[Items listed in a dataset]
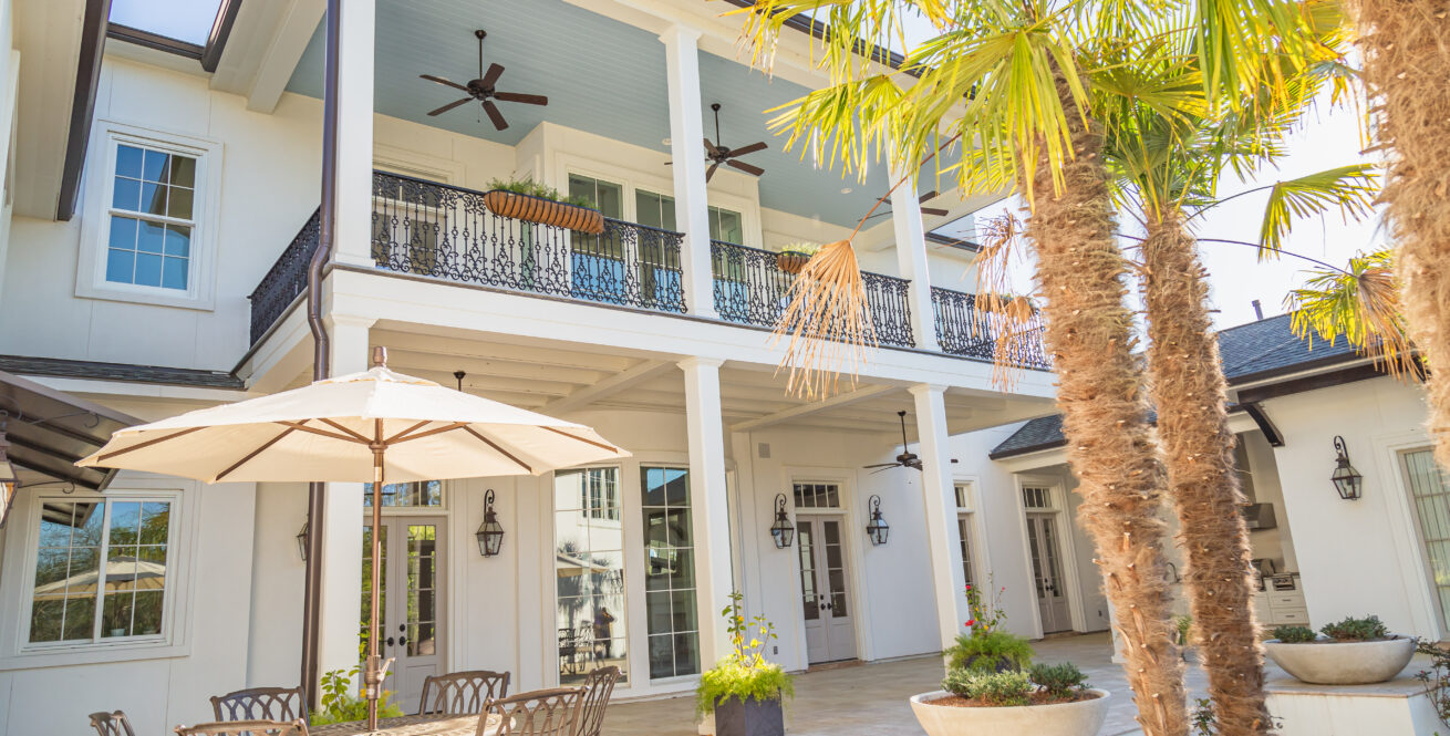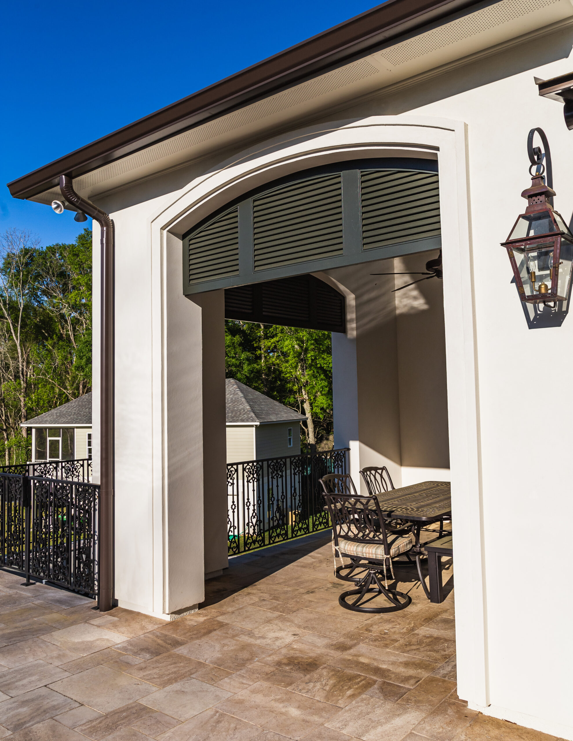 - Custom wrought-iron lined balcony
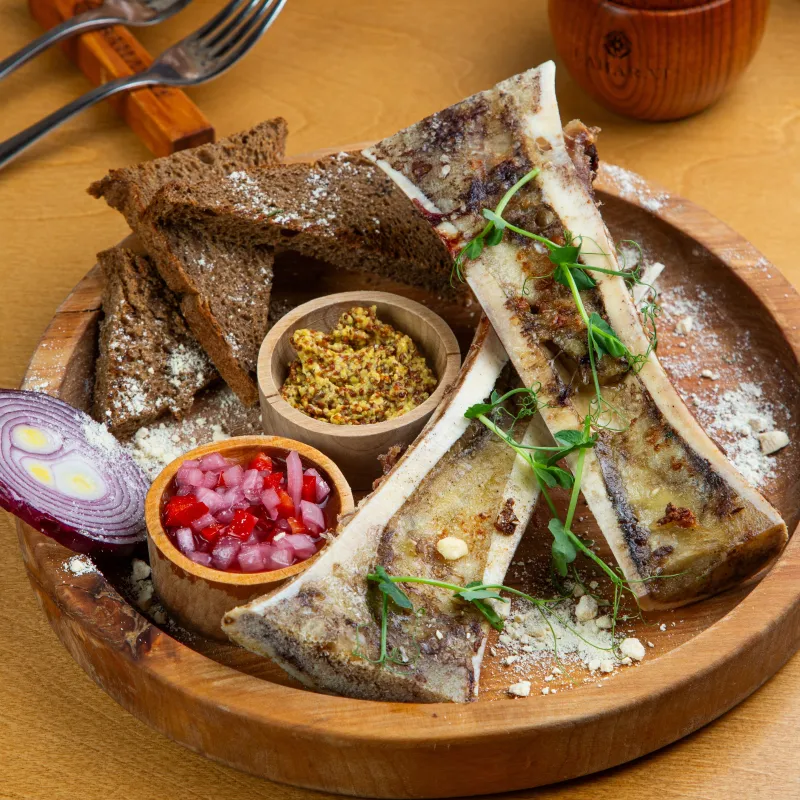 Мозговые косточки с мясом из говядины, подается со сметаной и восточным соусом.
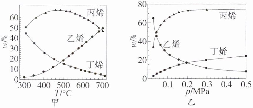 (1)由图甲可知,300℃时C₂H₄(g)的质量分数接近于0,而温度升高,C₂H₄(g)的质量分数增大,故选择300℃;由图乙可知,压强增大,C₂H₄(g)的质量分数减小,C₃H₆(g)的质量分数增大,故选0.5MPa,因此控制反应条件为300℃,0.5MPa。
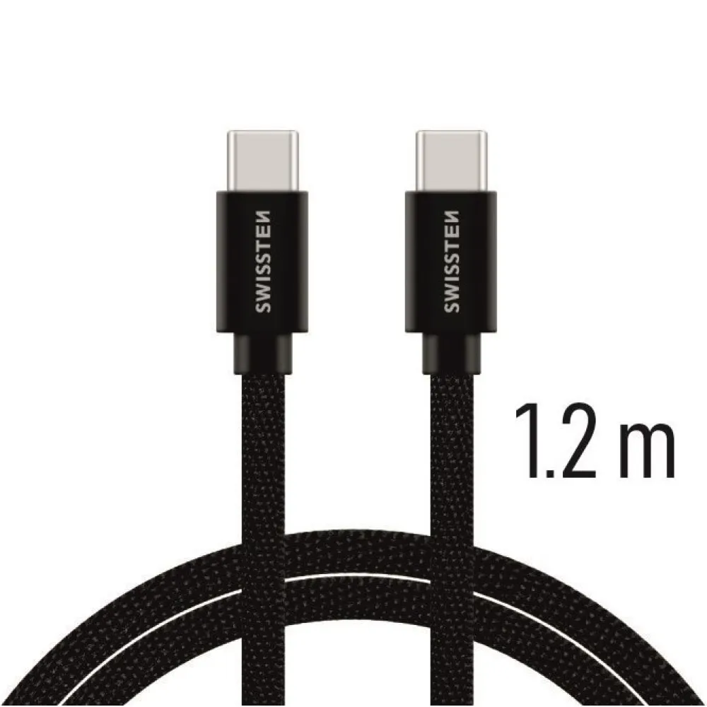 Swissten Woven USB-C/USB-C töltő és szinkronizáló kábel 1.2m - Fekete
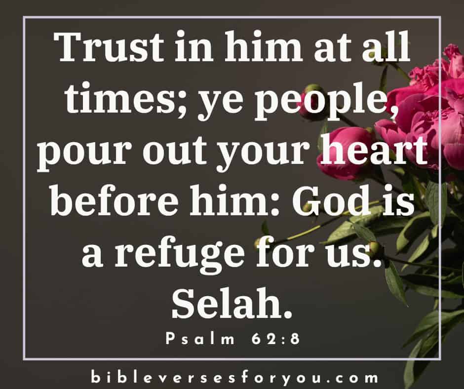 Psalm 62:8 Trust in him at all times; ye people, pour out your heart before him: God is a refuge for us. Selah.
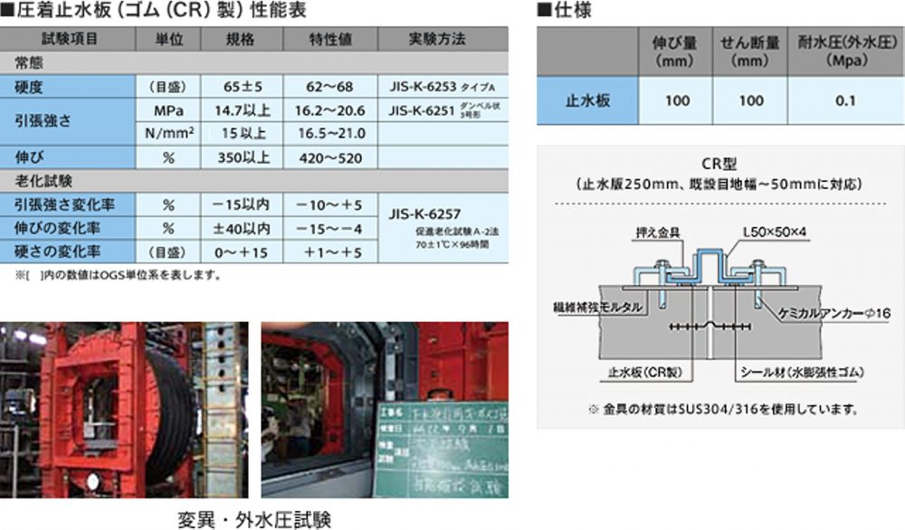 - 優れた止水性能を誇り、外水圧に対して0.1Mpaの止水性能を確認しています。
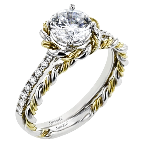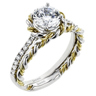 This ring is certainly a twist on a classic, with the band and halo formed from two tones of 18k gold twisted together, and the engagement ring set with .18 ctw of diamonds.
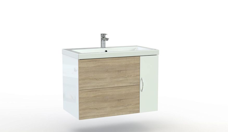 Тумба в ванную комнату Клео 7 BMS – это широкая и вместительная, но при этом не громоздкая благодаря подвесной конструкции модель. Вы сможете не только эстетично вписать в современный интерьер раковину и скрыть коммуникации, но и хранить под рукой гигиенические принадлежности, бытовую химию и хозяйственные мелочи. Выполненная в актуальном сочетании древесных тонов и белого, тумба оборудована двумя выдвижными ящиками и распашным отделением. Купить тумбу в ванную комнату Клео 7 BMS приглашаем в наш интернет-магазин.
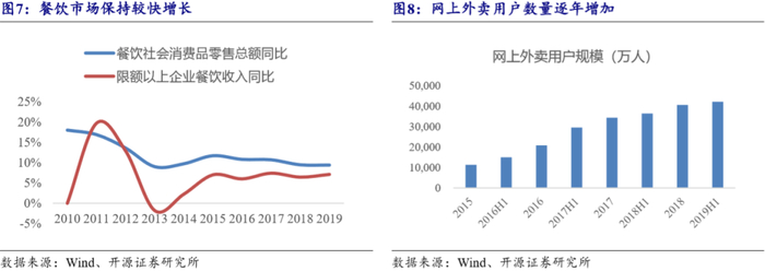 行业量价齐增,成长逻辑清晰。食品饮料多数子行业均经历量价齐升阶段。调味品量增主要在于餐饮市场快速发展,背后逻辑一是快节奏的生活方式以及城镇化推进使得消费者外出就餐以及外卖需求增加,二是调味品类的多元化发展。价升原因在于:一方面消费理念发生变化,消费者对于食品健康安全的重视以及美味的追求使得产品结构不断升级(例证是高鲜酱油热卖);另一方面调味品的需求刚性以及低单价、消费频次导致消费者价格不敏感,从而使得行业定期直接提价成为可能。
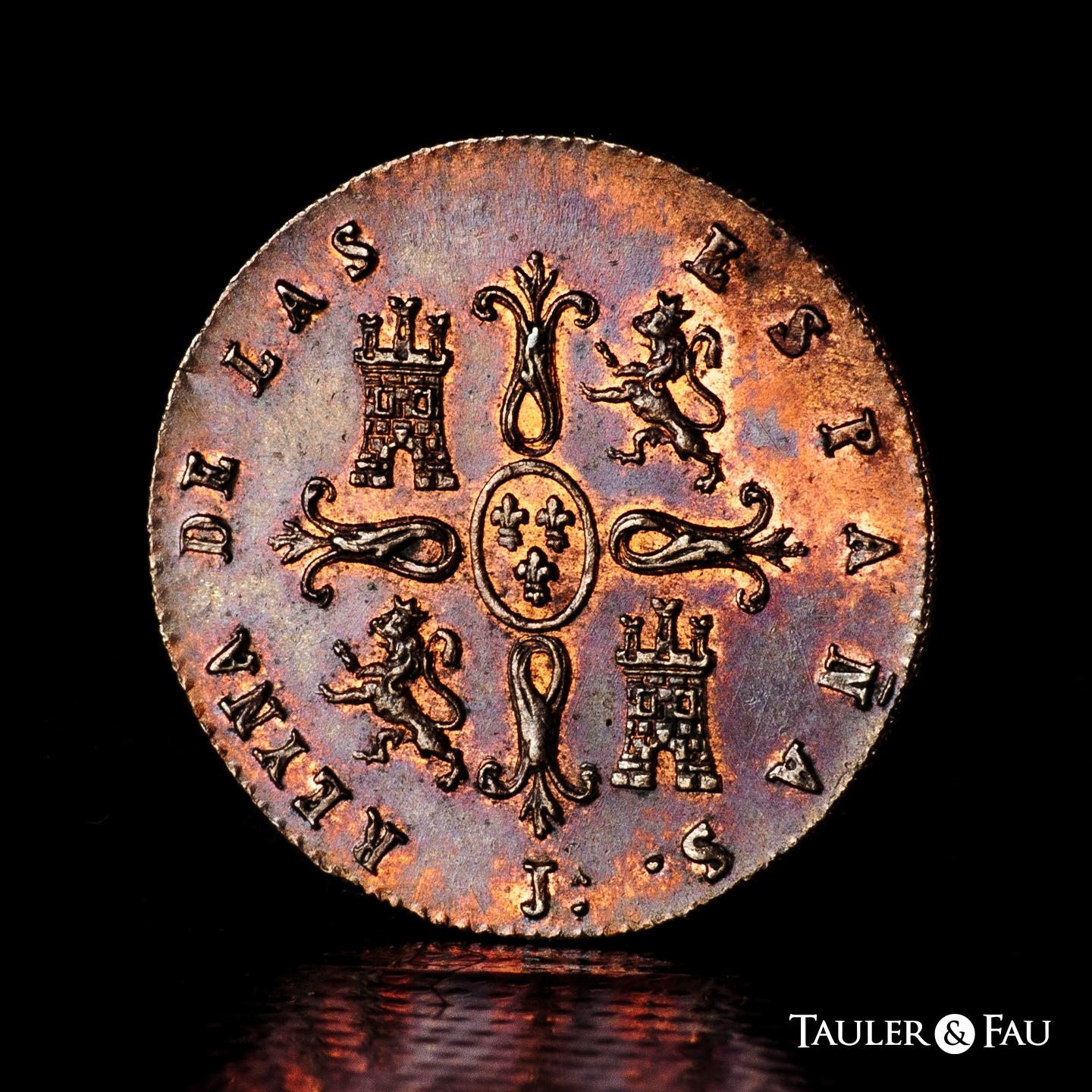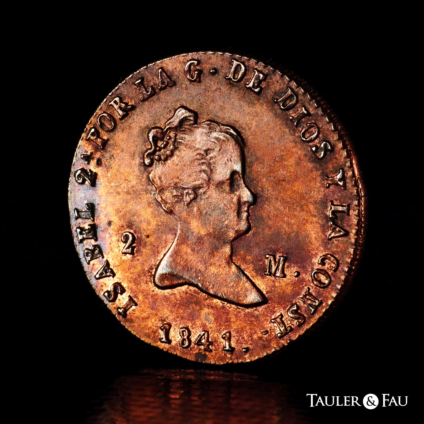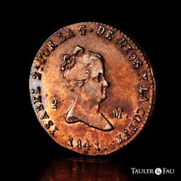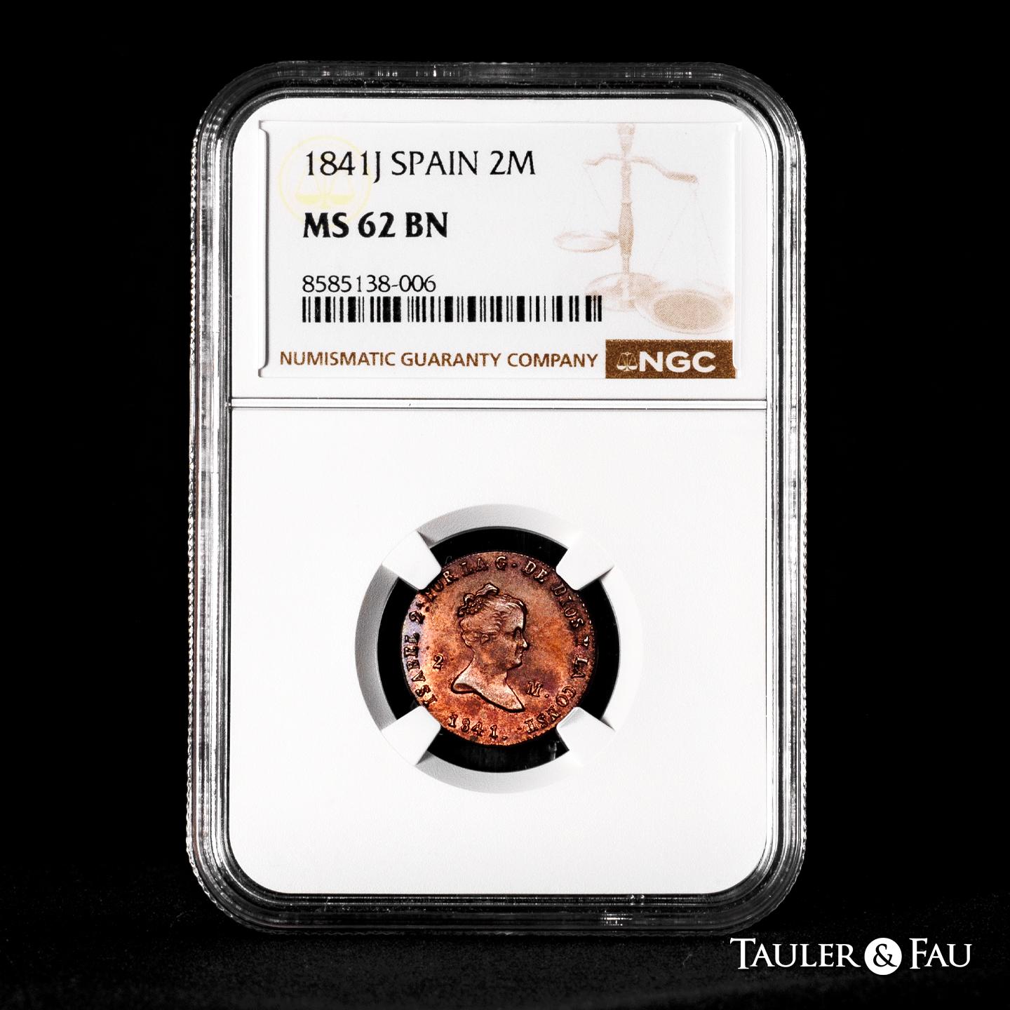 Isabel II (1833-1868). 2 maravedís. 1841. Jubia. (Cal-43). Ae. 2,48 g. Marca de ceca JA. Restos de brillo original. Muy rara en esta conservación. Encapsulada por NGC como MS 62 BN. Solamente 1 ejemplar mejor conservado según el censo de NGC. Est...600,00.

• [WHAT IS NEEDED]: Before answering, find the line with "This ring is" in the records above; then reproduce exactly each line from the first through that line, leaving out pictures.

• [WRITTEN SOLUTION]:
 - Custom wrought-iron lined balcony
 Мозговые косточки с мясом из говядины, подается со сметаной и восточным соусом.
 (1)由图甲可知,300℃时C₂H₄(g)的质量分数接近于0,而温度升高,C₂H₄(g)的质量分数增大,故选择300℃;由图乙可知,压强增大,C₂H₄(g)的质量分数减小,C₃H₆(g)的质量分数增大,故选0.5MPa,因此控制反应条件为300℃,0.5MPa。
 Swissten Woven USB-C/USB-C töltő és szinkronizáló kábel 1.2m - Fekete
 Psalm 62:8 Trust in him at all times; ye people, pour out your heart before him: God is a refuge for us. Selah.
 - 優れた止水性能を誇り、外水圧に対して0.1Mpaの止水性能を確認しています。
 This ring is certainly a twist on a classic, with the band and halo formed from two tones of 18k gold twisted together, and the engagement ring set with .18 ctw of diamonds.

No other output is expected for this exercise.